This blog post originally appeared as an article in Profiles In Diversity Journal.

On September 30, 2020, California Governor Gavin Newsom signed into law Assembly Bill 979 (AB 979), an act that promises to greatly increase the diversity of the board of directors of a number of California-based publicly-traded corporations.

AB 979 follows in the footsteps of Senate Bill 826 (SB 826), a 2018 bill signed into law by Governor Jerry Brown, which requires that all publicly traded corporations listed on a major U.S. stock exchange headquartered in the state of California (per the corporation’s SEC 10-K filing) have a “representative number” of women as members of their board of directors. SB 826 required that all such corporations have at least one woman on their board of directors by December 31, 2019, and at least two (if such corporation has five directors) or three (if such corporation has six or more directors) female directors by December 31, 2021. SB 826 further requires that the California Secretary of State report annually on the number of corporations subject to SB 826 that have compiled with its requirements and further authorizes the California Secretary of State to impose fines for noncompliance with SB 826’s requirements, including a $100,000 fine for a corporation’s first failure to timely file board member information with the California Secretary of State, and a $300,000 fine for each subsequent violation. Since its enactment, SB 826 has faced a number of lawsuits from groups opposed to mandatory diversity requirements. These lawsuits have been based primarily around the theory that SB 826 violates the “equal protection” clause of the 14th Amendment to the U.S. Constitution by requiring businesses to discriminate with respect to a protected category (in this case, gender) when selecting members of their board of directors, a claim that is likely to be made against AB 979 as well.

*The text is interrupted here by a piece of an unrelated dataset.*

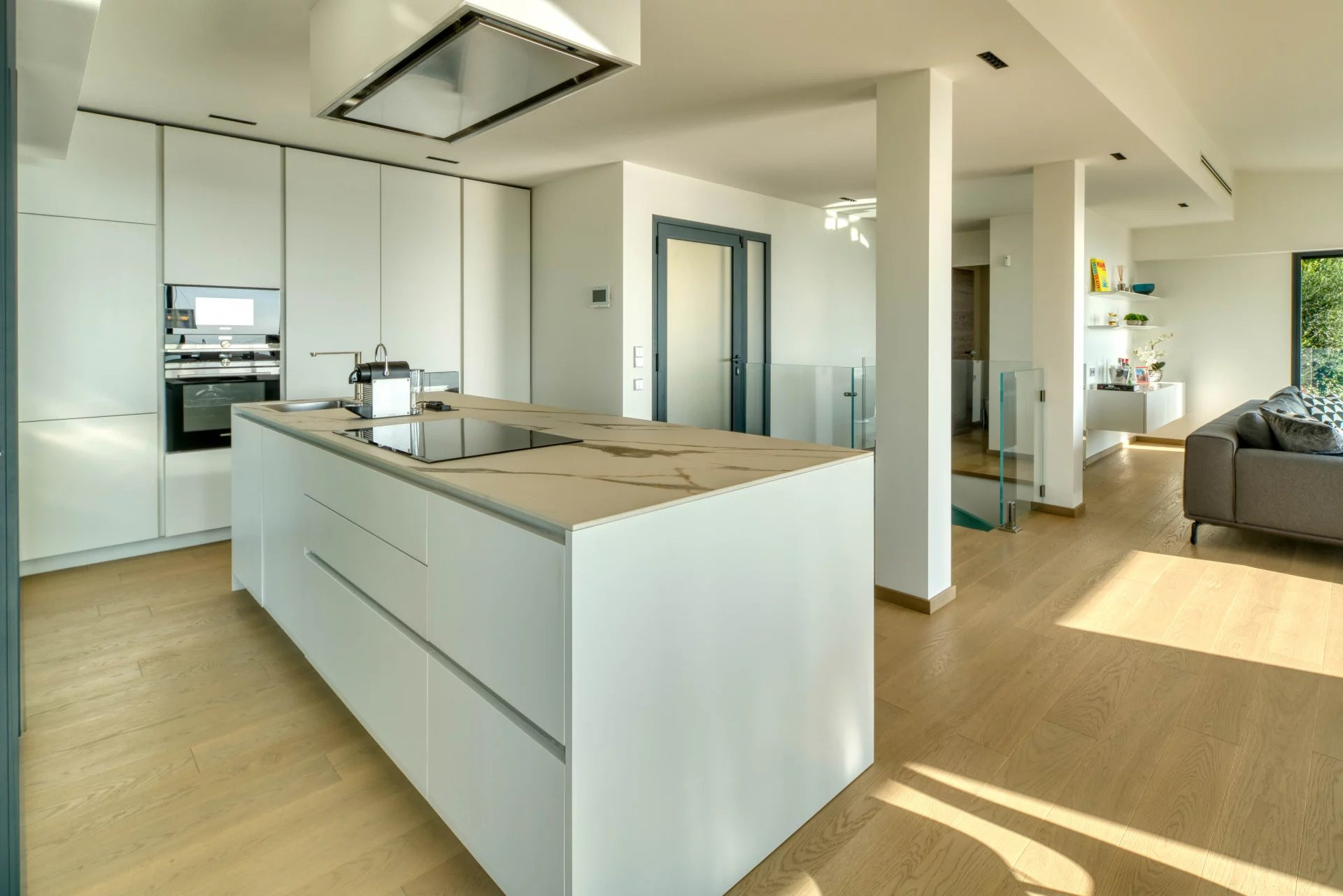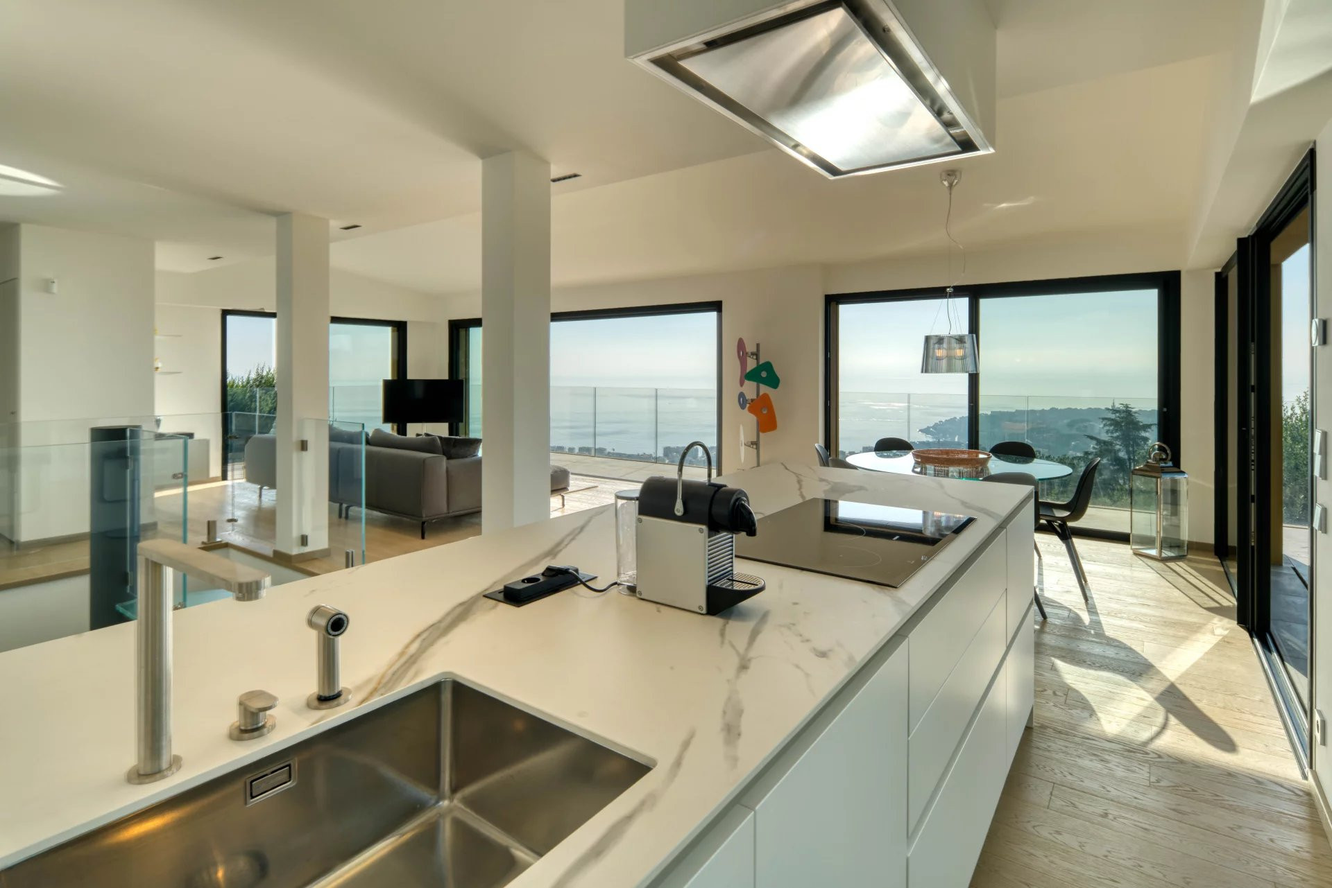 Organisée sur deux niveaux, elle comprend un hall d'entrée donnant sur le séjour à la vue panoramique sur la mer et la ville, cuisine ouverte et équipée et SANS vis-à-vis.

AB 979, passed by the California Legislature on August 31, 2020, seeks to expand the requirements set forth in SB 826 to require that all publicly traded corporations listed on a major U.S. stock exchange whose principal executive offices are located in California (per the corporation’s SEC 10-K filing) have a minimum of one director from an “underrepresented community”, defined as “an individual who self-identifies as Black, African American, Hispanic, Latino, Asian, Pacific Islander, Native American, Native Hawaiian, or Alaska Native, or who self-identifies as gay, lesbian, bisexual, or transgender” by December 31, 2021. Much like SB 826, the number of underrepresented community board members required as of December 31, 2022 will scale proportionally with the total number of board members in a given corporation’s board of directors:

  • If the size of an impacted corporation’s board of directors is fewer than four, one underrepresented community director is required;
  • If the size of an impacted corporation’s board of directors is greater than four but fewer than nine, two underrepresented community directors are required; and
  • If the size of an impacted corporation’s board of directors exceeds nine, three underrepresented community directors are required.

AB 979 further requires that the California Secretary of State’s annual SB 826 report also include statistics on the number of corporations subject to AB 979 that have complied with its requirements. As with the requirements of SB 826, corporations that fail to timely board member information with the California Secretary of State with respect to AB 979’s requirements will face a $100,000 fine for the first failure to file, and a $300,000 fine for each subsequent failure.

AB 979, like SB 826, will likely face numerous legal challenges from groups opposed to its requirements. On October 2, 2020, Judicial Watch, a conservative activist group, launched a suit in Los Angeles Superior Court seeking to have AB 979 overturned on the grounds that the quotas mandated by the law represent an unconstitutional violation of the equal protection clause, a claim nearly identical to those made in opposition to SB 826.

While California has been at the forefront of legislating diversity in the boardroom, prominent asset managers such as State Street Global Advisors and BlackRock have long advocated for increased diversity on corporate boards, stating that diverse boards tend to result in greater corporate effectiveness and performance relative to less diverse boards.